Adding a GPU Cluster Using DigitalOcean
When creating a cluster, GPUStack can leverage DigitalOcean to create workers and add them to the GPUStack cluster.
Preparation
You need to sign up for a DigitalOcean account and create a Personal Access Token on the API page.
Note: The token scope must be set to Full Access. If you select permissions using Custom Scopes, you may encounter issues deleting droplets.
When starting the GPUStack Server, you need to specify the --server-external-url parameter. This parameter is used to configure the worker's --server-url after the droplet is created and the worker is started. If your server is running behind a proxy, please set the proxy address to ensure that droplets running on the public network can access the GPUStack Server API using this address after startup.

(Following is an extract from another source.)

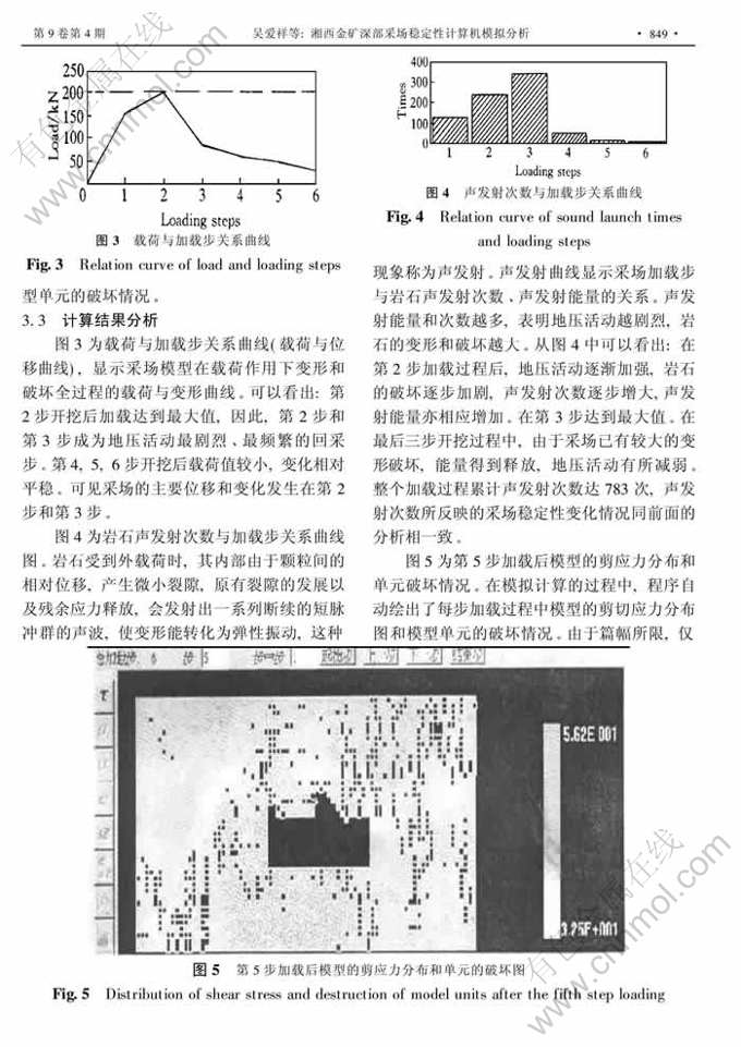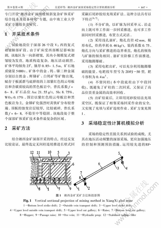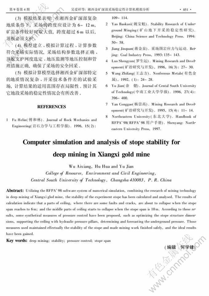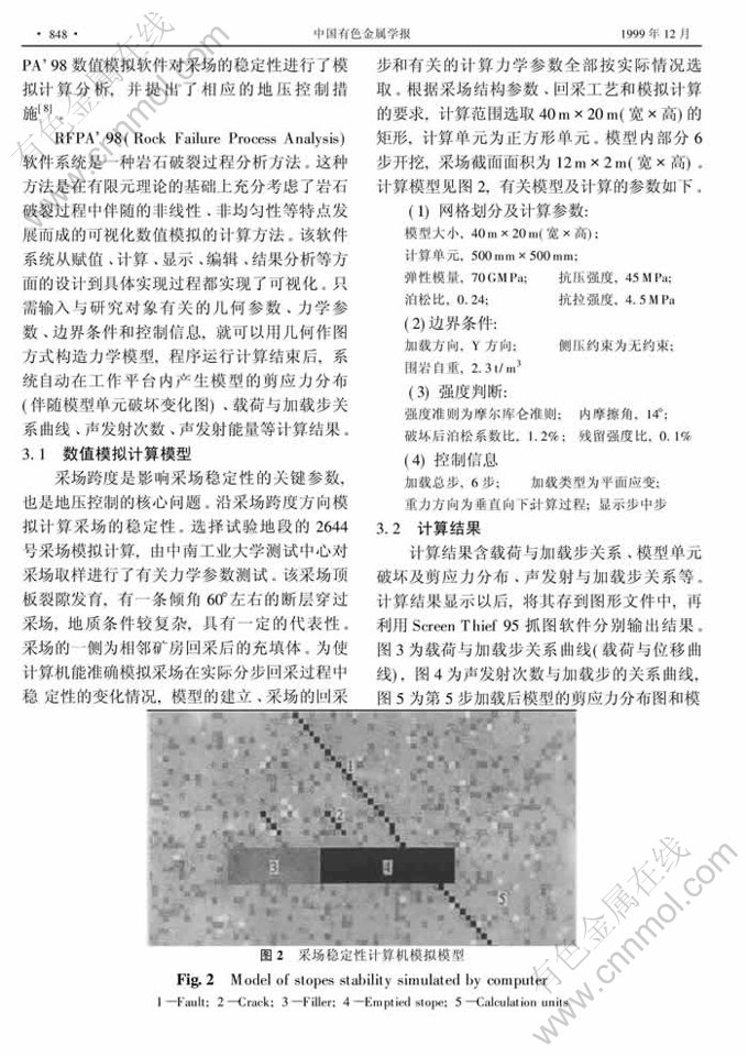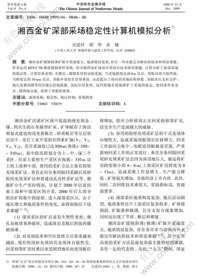 摘 要:湘西金矿缓倾斜薄矿脉开采深度大,地质情况复杂,存在一些未能完全解决的技术和理论难题。作者运用RFPA'98 数值模拟软件系统,结合湘西金矿深部开采综合技术研究课题,计算分析了深部采场的稳定性。计算结果表明:在断层、裂隙发育的试验采场,当采场跨度达到6 m以后,顶板局部开始垮落;当跨度达到10 mm以后,顶板中部发生冒顶事故。由此提出了相应的采场结构参数、顶板水压支柱支护、地压监测预报等综合地压控制措施。实际应用表明,这些措施有效地维护了采场的稳定,使回采作业安全、顺利地完成,获得了理想的效果。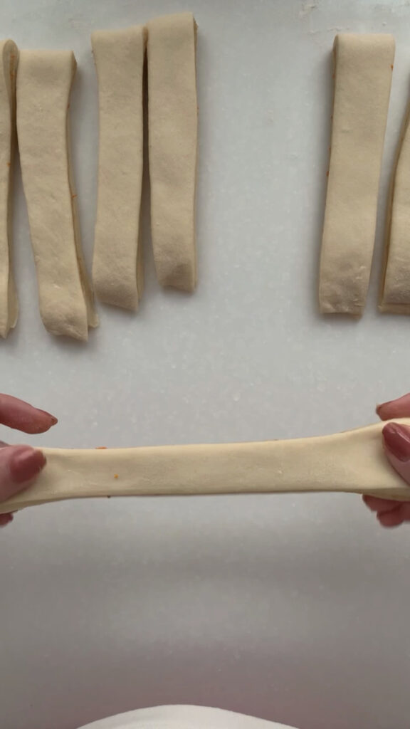 Next, we are going to divide the dough into 12 equal strips and shape them into twists. Take your bench scraper and divide the dough into 4 equal parts. Then, take each of these 4 portions and divide them into 3 equal strips, for a total of 12 strips. To shape a twist, grab one strip and gently pull it to lengthen. Hold each end and twist them in opposite directions. Take one end of the now-twisted strip and wrap it around itself in a circular shape. When you reach the last bit of dough, tuck it under the roll.

Create DigitalOcean Cluster
Please refer to the steps in Creating DigitalOcean Cluster
Create Cloud Credential
Create a DigitalOcean cloud credential on the Cloud Credentials page.
Create Cluster with Cloud Credential
On the cluster creation page, select DigitalOcean as the Cloud Provider:
Enter a name, select the cloud credential you just created, and choose a region that supports GPU droplets.
Click Next to create a worker pool for the cluster.
Create Worker Pool
Fill in the Name, Replicas, and Batch Size as needed. Then select the Instance Type (droplet size in DigitalOcean terms) for the worker pool.
Next, select the OS Image.
Currently, only Nvidia series GPU Droplets are supported, as AMD GPU Droplets are often unavailable. Only Debian-based operating systems are supported.
- For Debian distributions, the droplet is bootstrapped with the
nvidia-opendriver, CUDA 12.8, and nvidia-container-toolkit 1.17.8-1 via cloud-init. - For Ubuntu distributions, the droplet is bootstrapped with the
nvidia-driver-570driver, CUDA 12.8, and nvidia-container-toolkit 1.17.8-1 via cloud-init. - For Nvidia AI/ML Ready (Recommended), which is based on Ubuntu 22.04 and includes drivers, CUDA, and container-toolkit pre-installed, no extra packages are needed.
Labels and volumes are supported to set in worker pool to provision worker. The volumes created and attached for droplet won't be mount into worker container automatically. You can modify the run worker script in /opt/gpustack-run-worker.sh to mount the volumes as needed.
Click Save if all set.
Waiting for Workers to be Provisioned
After saving the cluster, navigate to the Workers page to view the provisioning progress of DigitalOcean workers.
The provisioning process includes several steps:
- Create an SSH key.
- Create a droplet with the SSH key.
- Wait for the droplet to start.
- Wait for the public IP to be assigned.
- Create volumes and attach them to the droplet.
- The worker enters the
Initializedstatus and waits for the worker container to start and connect to the server.
Once the worker reaches the Ready status, you can deploy models on it.
Safely Scale Down DigitalOcean Workers
When a DigitalOcean worker is no longer needed, follow these steps to safely destroy the droplet:
- Adjust the replica count of the worker pool to match the number of workers you want to delete. Note that workers are not deleted automatically in this step.
- Ensure that no model instances are deployed on the workers you intend to delete.
- Delete the workers as needed. The corresponding droplets will be deleted accordingly.